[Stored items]
□ □ □ □ □ □ □

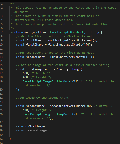 function main(workbook: ExcelScript.Workbook) { let charts = []; let sheet = workbook.getWorksheet("Sheet1"); let chart1 = sheet.getCharts()[0]; // Assuming the first chart is located on the first sheet let chart2 = sheet.getCharts()[1]; // Assuming the second chart is located on the first sheet
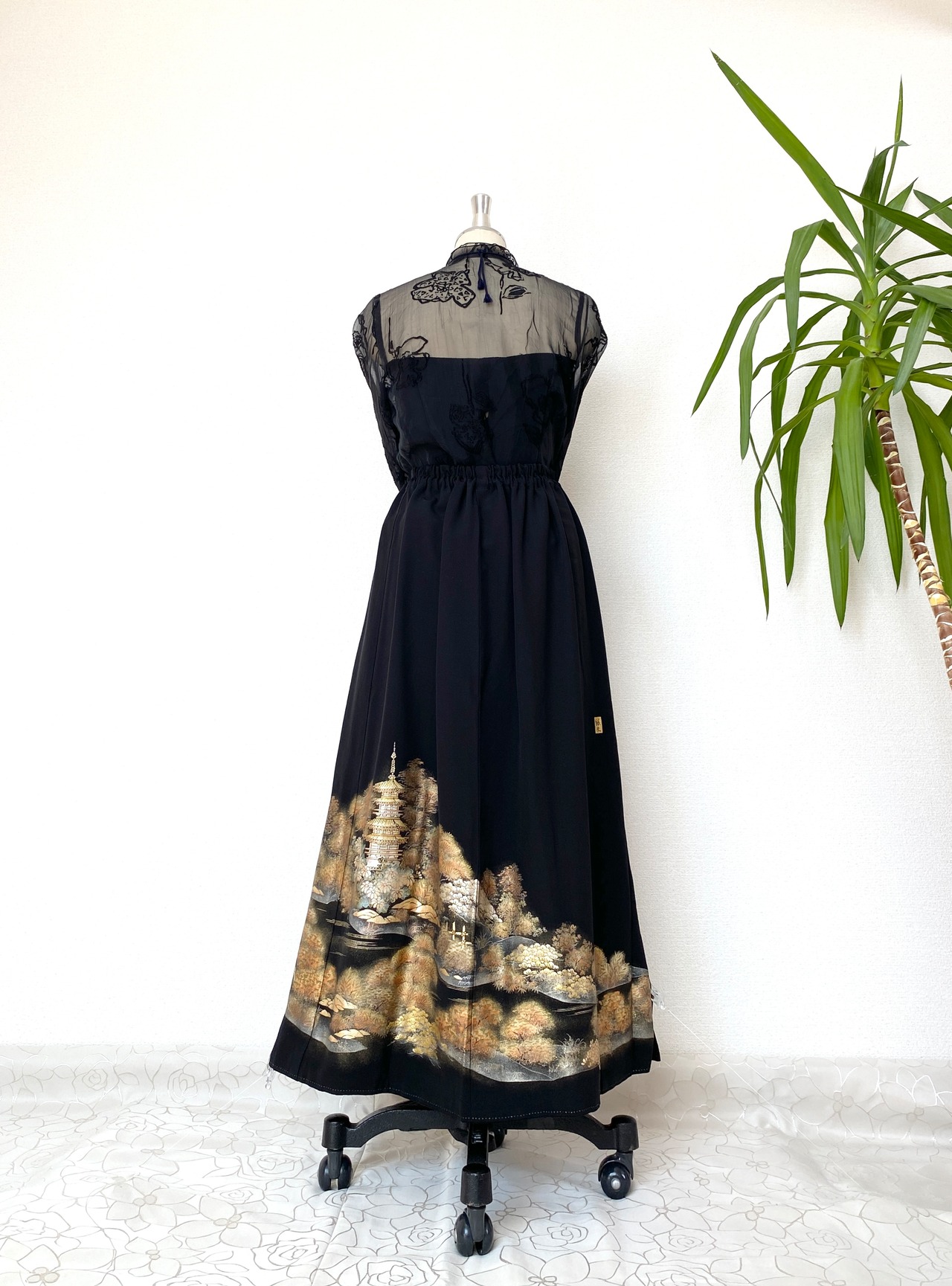 黒留袖着物リメイクウエストゴムロングスカートフリーサイズ
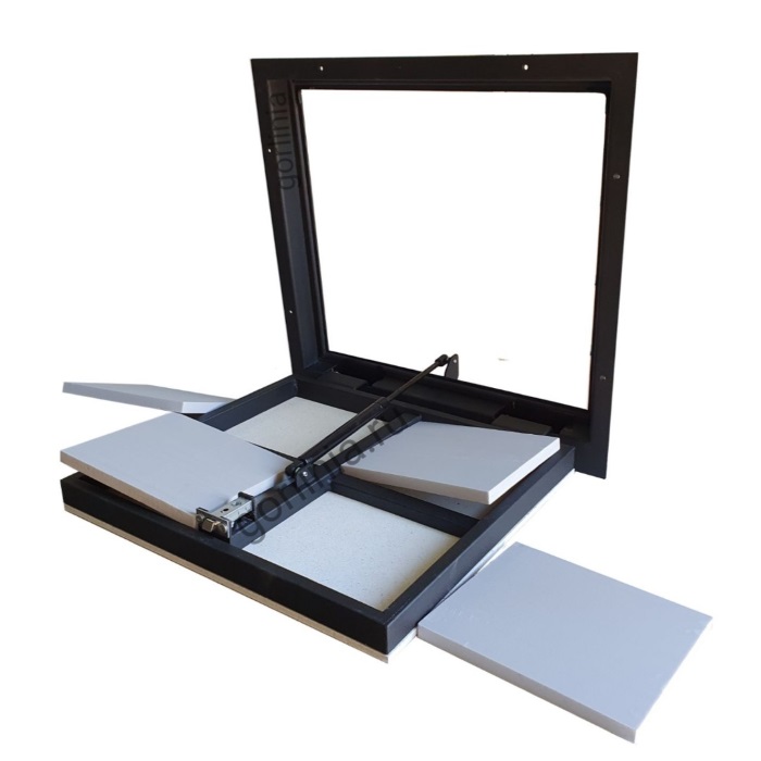 Конструкция смещенного за ось шарнирного соединения убирает сквозняк из подвала, сохраняя проем лаза в чистоте 1050х800.
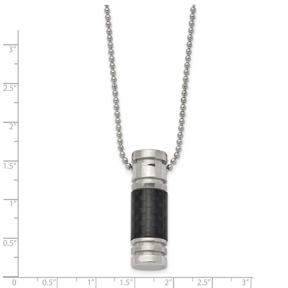 Chisel Stainless Steel Polished with Black Carbon Fiber Inlay Cylinder on a 22 inch Ball Chain Necklace
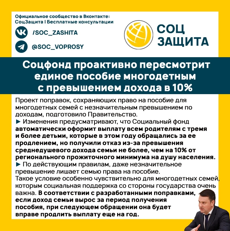 Соцфонд проактивно пересмотрит единое пособие многодетным с превышением дохода в 10%
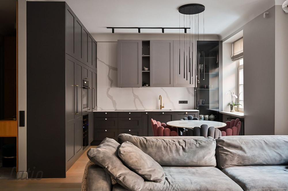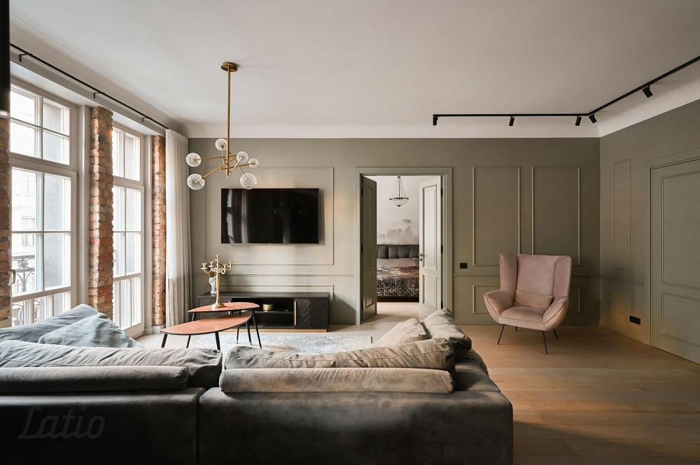 Dzīvoklī ir plaša un reprezentabla viesistaba ar lieliem logiem, kas nodrošina izcilu dabisko apgaismojumu un patīkamu atmosfēru ikdienā. Augstie griesti, dabīgais parkets un gaumīgi interjera risinājumi rada izsmalcinātu un mājīgu sajūtu.
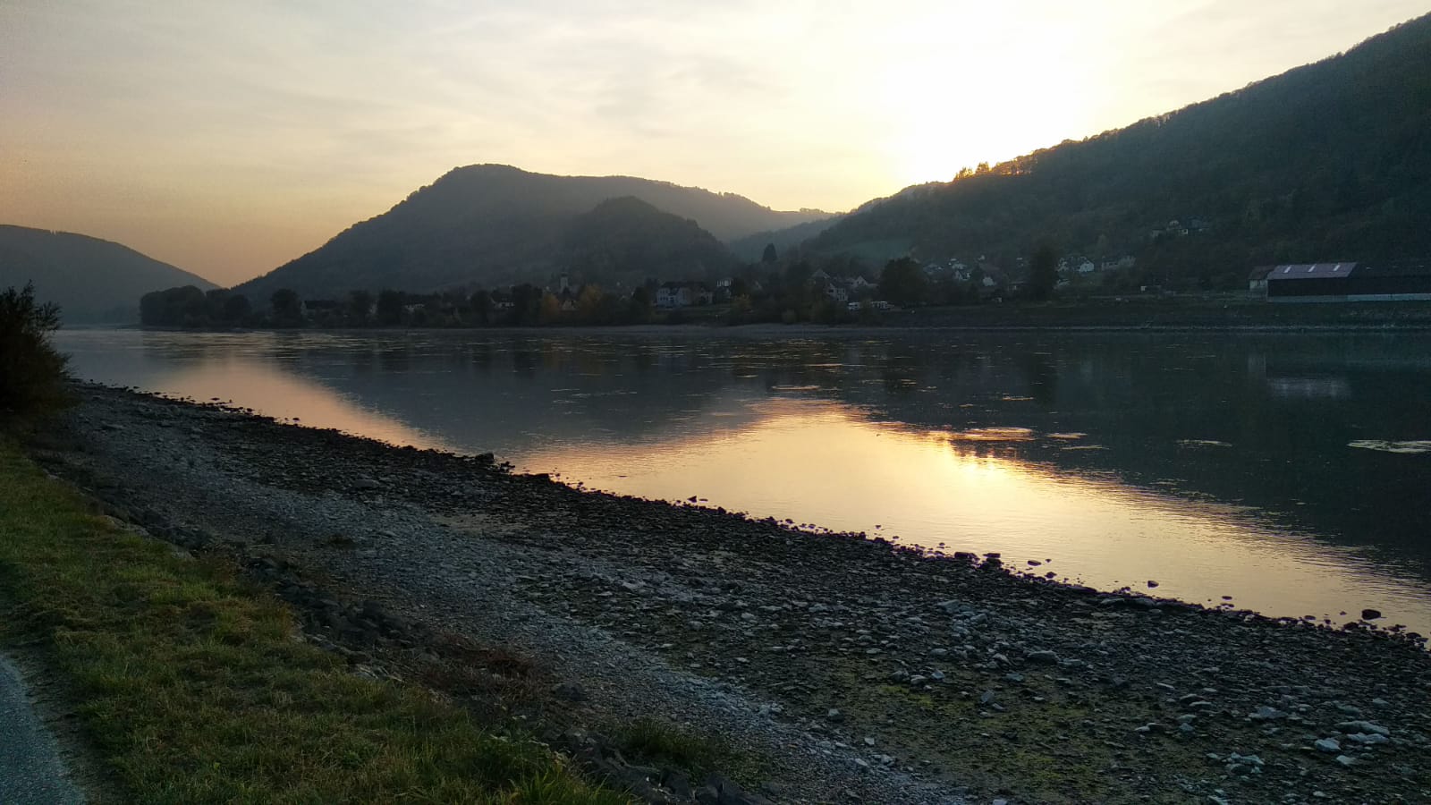 Bei wunderschönem Herbstwetter ist der Donauradweg wochentags nahezu leer von Radfahrerinnen und Radfahrern: Niedrigwasser.
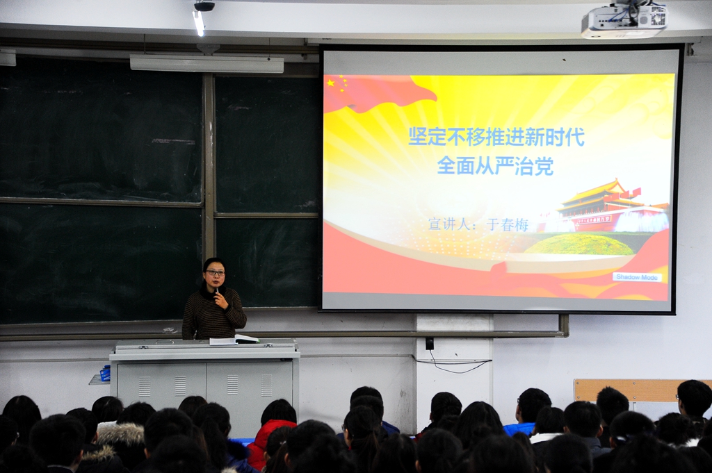 在中区11教阶梯302教室,校党的十九大精神宣讲团成员、马克思主义学院副院长、硕士生导师于春梅教授以《坚定不移推进新时代全面从严治党》为题,从充分认识五年来全面从严治党的重大成就、明确新时代全面从严治党的总体要求、全面把握党的十九大对新时代全面从严治党的新部署等方面,对党的十九大精神进行了系统、全面、深入的讲解。于春梅指出,中国特色社会主义进入新时代,面临新环境新挑战新问题,打铁必须自身硬,因此必须坚定不移推进新时代全面从严治党这一伟大工程,必须进一步把我们党建设好、建设强,使我们党成为坚强有力的领导力量,从而决胜全面建成小康社会、夺取新时代中国特色社会主义伟大胜利。机关党委全体教职工参加了宣讲活动,化学与化学工程学院全体教职工、学生党员及入党积极分子参加了宣讲活动。
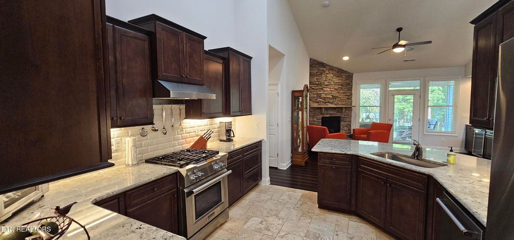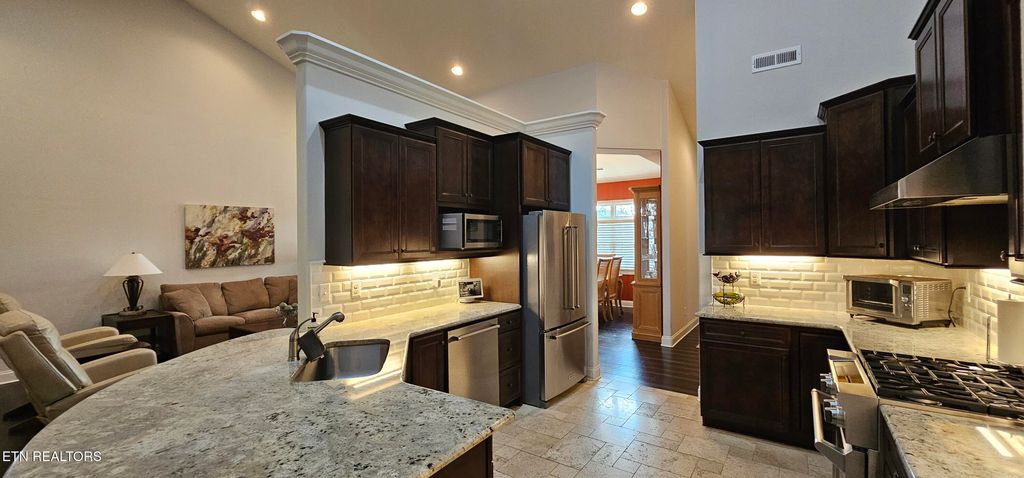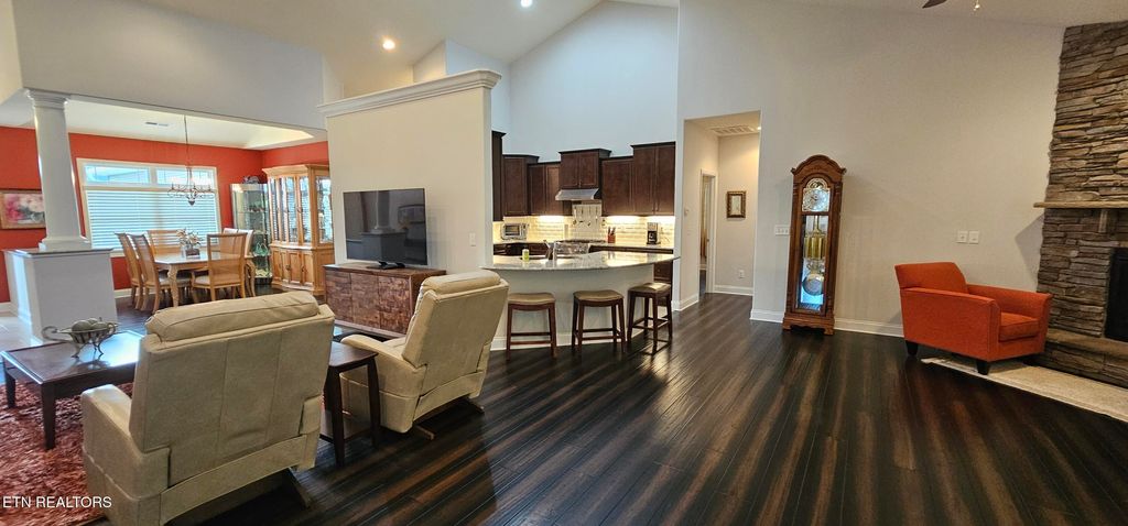 REDUCED! Discover the epitome of upscale living in this meticulously maintained home nestled within the prestigious Kahite neighborhood of Vonore, TN. 3/2 with sunroom, screened porch, grilling patio and 3+car garage. This beautiful residence offers a seamless blend of elegance and comfort. Open floor plan - formal dining room, leading to an open living room and den/breakfast nook with a gas log fireplace and a dry bar with a wine cooler. The kitchen is a chef's delight, featuring granite countertops, a dual-fuel gas range/oven, and ample counter/prep space. The split-bedroom floor plan ensures privacy, with two large guest bedrooms and a full bath at one end of the home. The spacious main ensuite bedroom is a true retreat, boasting a large walk-in closet, double vanity, walk-in shower, and a luxurious soaking tub. This home is designed for seamless indoor-outdoor living, with a sunroom and a screened-in porch perfect for enjoying the peaceful, wooded private backyard. Additional features include a large laundry room with a sink and a 3-car garage. As a resident of Kahite, you'll have access to an incredible array of amenities including a championship golf course, clubhouse, marina, swimming pool, playground, pickleball and more.

□ □ □ □ □ □ □

Look above for the line with "Конструкция смещенного за", then give again exactly every line from there through the line with "Соцфонд проактивно пересмотрит", skipping the pictures.

 Конструкция смещенного за ось шарнирного соединения убирает сквозняк из подвала, сохраняя проем лаза в чистоте 1050х800.
 Chisel Stainless Steel Polished with Black Carbon Fiber Inlay Cylinder on a 22 inch Ball Chain Necklace
 Соцфонд проактивно пересмотрит единое пособие многодетным с превышением дохода в 10%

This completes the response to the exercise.